Five-year-old Luke cuddled Prince Harry and wife Meghan Markle, and stroked Harry’s beard during their Dubbo meet-and-greet.
In Tamworth in 1977, a four-year-old Joseph Madirazza broke through barricades and a 150-strong security force to present the Queen with a posy of flowers.
Mum Carmel said that, although it was breaking protocol, she thought it had shown “a lot of initiative”.
“He wanted to do it himself: he helped me grow the flowers and, when we were picking some for an aunty, he said, ‘I’d like to give some of those to the Queen’.
“I thought it was something special … to think a child at that age can do things off his own bat, so to speak.”
Prince Charles has also been a return visitor to Tamworth.
Goonoo Goonoo Station was a favourite spot, as reported in The Canberra Times on September 8, 1985, in a story about the station changing hands in a $5.2 million auction “hailed as the most historic of the century”.
“Prince Charles stayed as a schoolboy and again as recently as 1974.

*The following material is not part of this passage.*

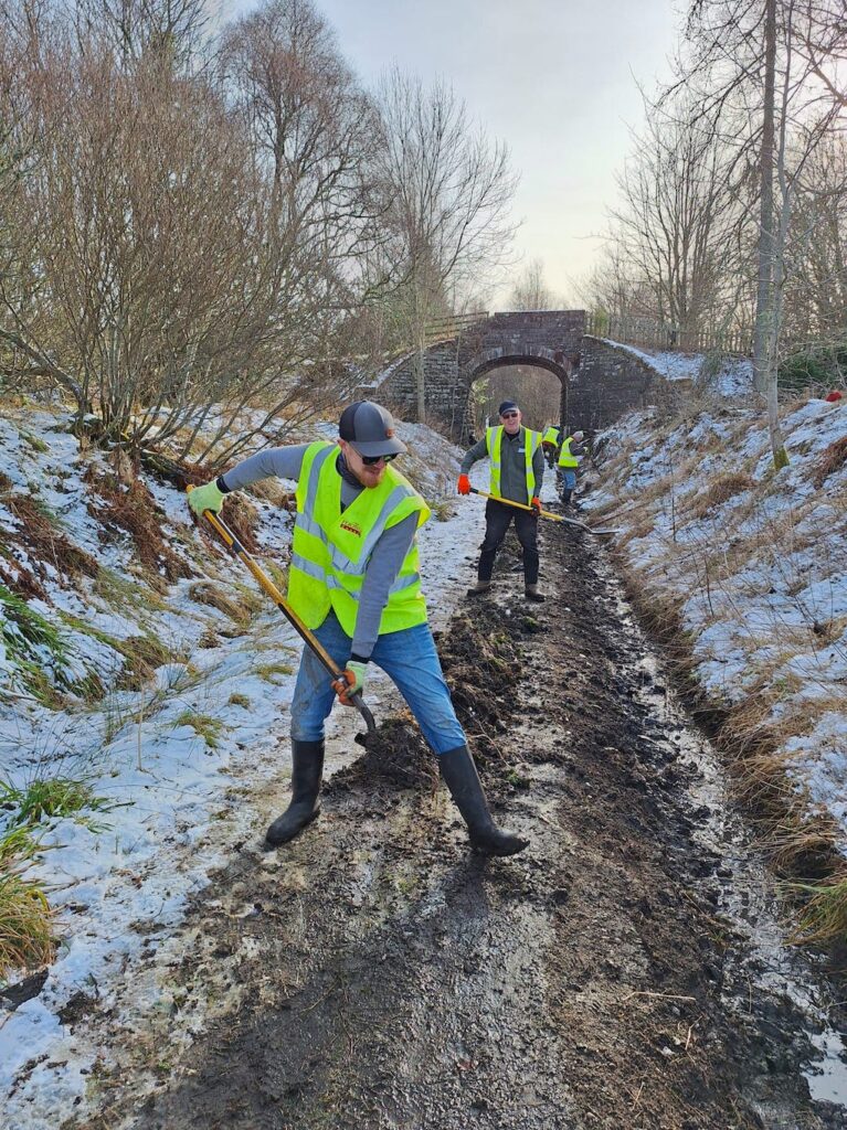 The work party for 14th February 2026 consisted of 11 volunteers with 56 hours of work being carried out in dry, sunny, but cold winter weather. Due to the efforts of the volunteers, all the planned work was carried out as follows:

“The royal connection has led to its fair share of apocryphal stories, such as the fantasy that Queen Elizabeth and Prince Philip have stayed on the property and the myth that Charles swam in the swimming pool (‘it wasn't even built then’).
“But Prince Charles’s signed photograph is placed among a cluster in the drawing room, including one of Lord and Lady Casey and another of Queen Beatrix and Prince Claus of the Netherlands.”
Later, the Times ran a brief story with a photo of a “suntanned Prince Charles” who “had a smile and a wave for a group of girls waiting to see him as he left the aircraft at Sydney airport ... after spending part of his school holidays at Goonoo Goonoo cattle station near Tamworth.”